The basic idea of RFS is that when an application calls recvmsg
(or sendmsg) the application's running CPU is stored in a hash
table that is indexed by the connection's rxhash which is stored in
the socket structure.  The rxhash is passed in skb's received on
the connection from netif_receive_skb.  For each received packet,
the associated rxhash is used to look up the CPU in the hash table,
if a valid CPU is set then the packet is steered to that CPU using
the RPS mechanisms.

The convolution of the simple approach is that it would potentially
allow OOO packets.  If threads are thrashing around CPUs or multiple
threads are trying to read from the same sockets, a quickly changing
CPU value in the hash table could cause rampant OOO packets--
we consider this a non-starter.

To avoid OOO packets, this solution implements two types of hash
tables: rps_sock_flow_table and rps_dev_flow_table.

rps_sock_table is a global hash table.  Each entry is just a CPU
number and it is populated in recvmsg and sendmsg as described above.
This table contains the "desired" CPUs for flows.

rps_dev_flow_table is specific to each device queue.  Each entry
contains a CPU and a tail queue counter.  The CPU is the "current"
CPU for a matching flow.  The tail queue counter holds the value
of a tail queue counter for the associated CPU's backlog queue at
the time of last enqueue for a flow matching the entry.

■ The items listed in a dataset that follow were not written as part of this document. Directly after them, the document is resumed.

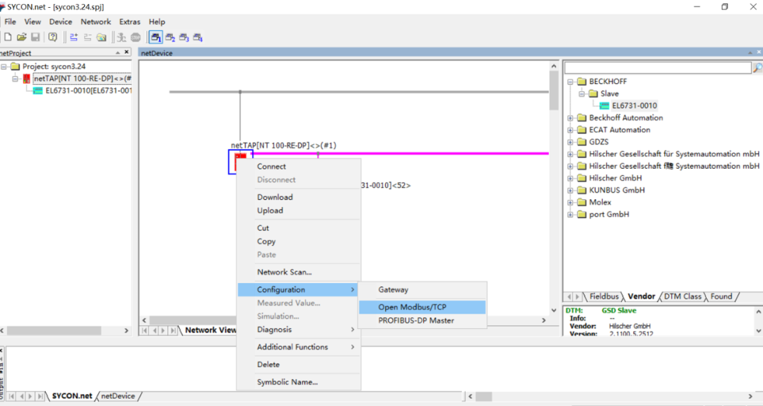(8)右击网关图标,选择“Configuration”可分别对网关、PROFIBUSDP端与Open Modbus/TCP端进行配置。
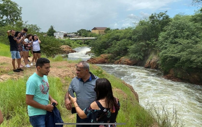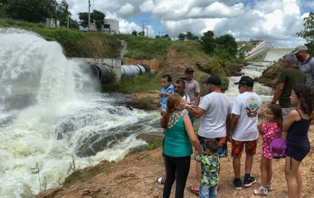 Turistas contemplam a beleza de açude que sangra
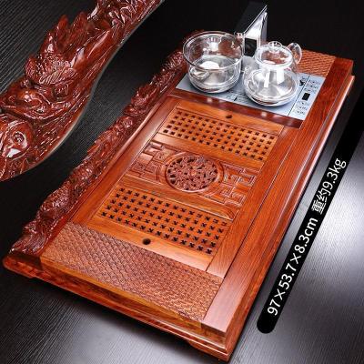 家柏饰(CORATED)花梨盘实台家用浮茶船整块茶托大号茶室遥控电热炉
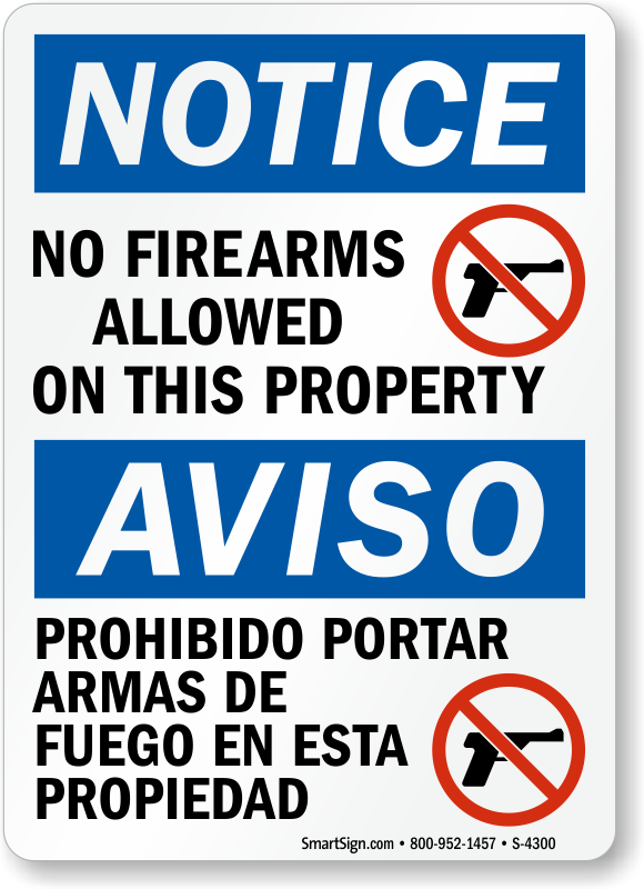 Keep guns, with the hazard they present, out of your facility. Bilingual sign.
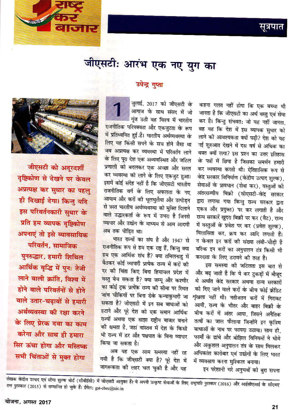 योजना: जीएसटी-आरंभ एक नए युग का (02-09-2017)
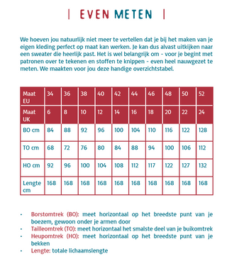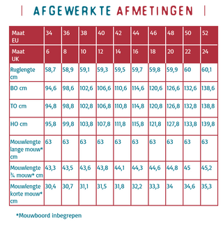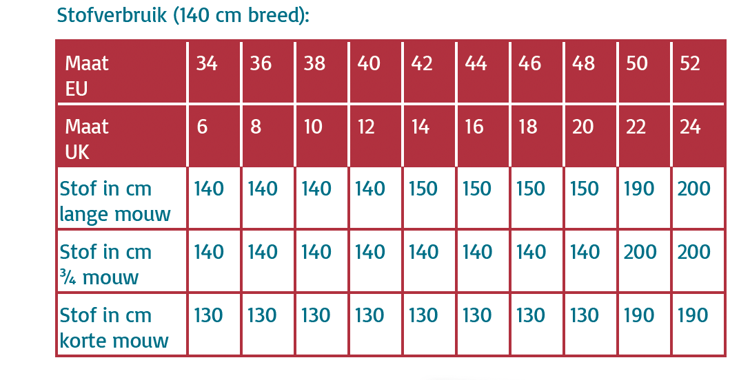 De naadwaarden zijn inbegrepen in de patroondelen.
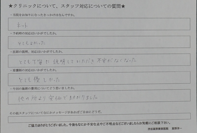 費用 •切らない目の下のたるみ取り(通常料金)270,000円(モニター料金)200,000円 •目の下の切らないたるみ取り+脂肪注入(通常料金)420,000円(モニター料金)340,000円 •ハムラ法(通常料金)460,000円(モニター料金)380,000円 •裏ハムラ法(通常料金)420,000円(モニター料金)340,000円 *別途 静脈麻酔 30,000円(税込)
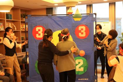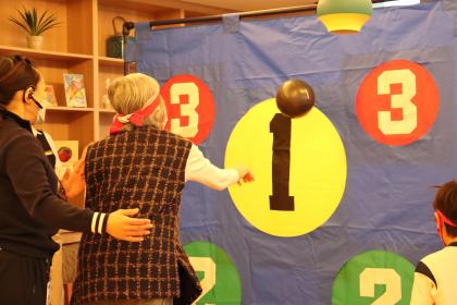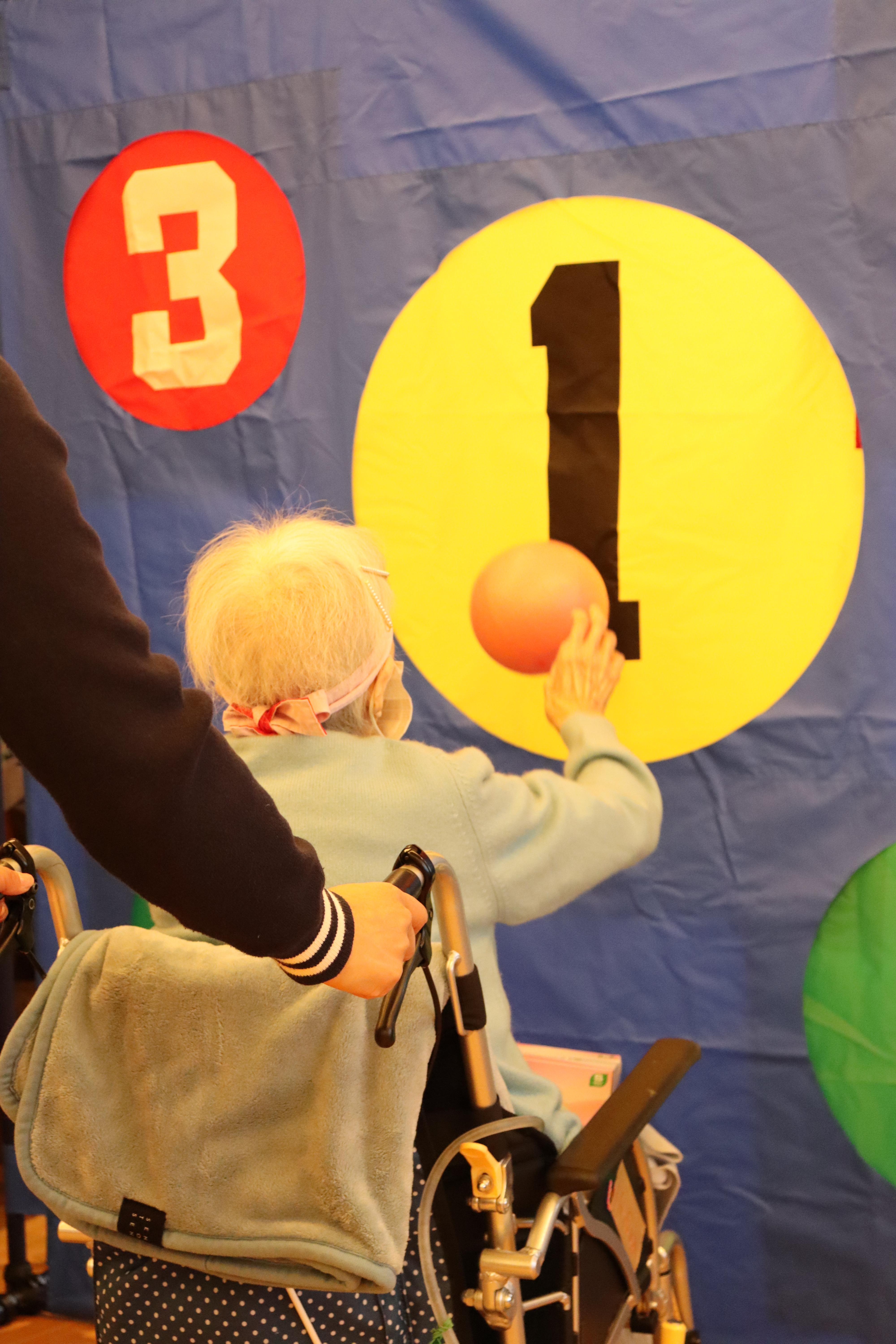 その方に合わせた飛距離を考え、ゴムボールで的を狙います。

Each backlog queue has a queue head counter which is incremented
on dequeue, and so a queue tail counter is computed as queue head
count + queue length.  When a packet is enqueued on a backlog queue,
the current value of the queue tail counter is saved in the hash
entry of the rps_dev_flow_table.

And now the trick: when selecting the CPU for RPS (get_rps_cpu)
the rps_sock_flow table and the rps_dev_flow table for the RX queue
are consulted.  When the desired CPU for the flow (found in the
rps_sock_flow table) does not match the current CPU (found in the
rps_dev_flow table), the current CPU is changed to the desired CPU
if one of the following is true:

- The current CPU is unset (equal to RPS_NO_CPU)
- Current CPU is offline
- The current CPU's queue head counter >= queue tail counter in the
rps_dev_flow table.  This checks if the queue tail has advanced
beyond the last packet that was enqueued using this table entry.
This guarantees that all packets queued using this entry have been
dequeued, thus preserving in order delivery.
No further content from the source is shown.